I mean, just look at Beethoven. 








He composed pretty early on in his life. He started playing the violin at 4, just 1 year older than how old Mozart was when he started playing the harpsichord. But from early on, his music has sounded serious. Nothing at all like the childish side of Mozart. Even his very first piano sonata that he composed at the age of 25 is very serious sounding. For an earlier example listen to his first composition, 9 variations in C minor, composed at the age of 10. While you can clearly hear the Mozart influence in this set of variations, you can hear sudden dynamics and sudden tempo changes being used. You can also hear parallel major minor shifts(very last variation is in C major to give a picardy third to the piece(though it is rare for Beethoven to use picardy thirds outside of symphonies)), which are very commonly used by Beethoven.

These would become ingrained into Beethoven's style so much that hearing a piece by Beethoven that has none of the characteristics of his style such as his Flute Sonata in Bb is incredibly rare and the first time you listen to it you question "Is it really by Beethoven? Especially since the authorship is unknown, maybe it was actually Haydn who composed it and it was given to Beethoven?" Here are those 2 pieces and another very well known piece by Beethoven that definitely sounds serious:

Late piece that sounds serious: 




This was composed at 54 years old, just 2 years before he died.

Earliest piece by Beethoven: 




This was composed at the age of 10 years and you can already hear his angsty side this early on in his composer career.

Earliest piano sonata: 




This was composed when he was 25 years old.

And here is a Mozart piece composed around the same time as one of these Beethoven pieces to show that child prodigy ≠ childish music.

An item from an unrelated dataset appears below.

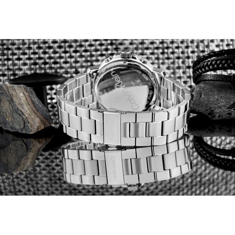 Eine unverwechselbare Form, sorgfältig ausgearbeitete Details und eine durchdachte Farbpalette – dieses Modell beeindruckt auf ganzer Linie. Solide Konstruktion und erstklassige Materialien bilden das Fundament für die kompromisslose Qualität von Calvin Klein. Präzise Zeiger und exklusive Oberflächen zeugen von einer Handwerkskunst, die keiner weiteren Bestätigung bedarf. Das Calvin Klein Logo auf Zifferblatt, Armband und Krone setzt dezente, aber dennoch markante Akzente und unterstreicht die Klasse dieser Uhr.

It also happens to be in C minor, what is often called Beethoven's key(mainly because Beethoven's most dramatic works tend to be in C minor). 





You can clearly hear that Mozart's C minor pieces sound way less serious than Beethoven's C minor pieces, even at the forte arpeggios. So is it really fair to imply that child prodigies compose childish music in a video that is specifically about Mozart when Beethoven is such a great counterexample to that premise?


----------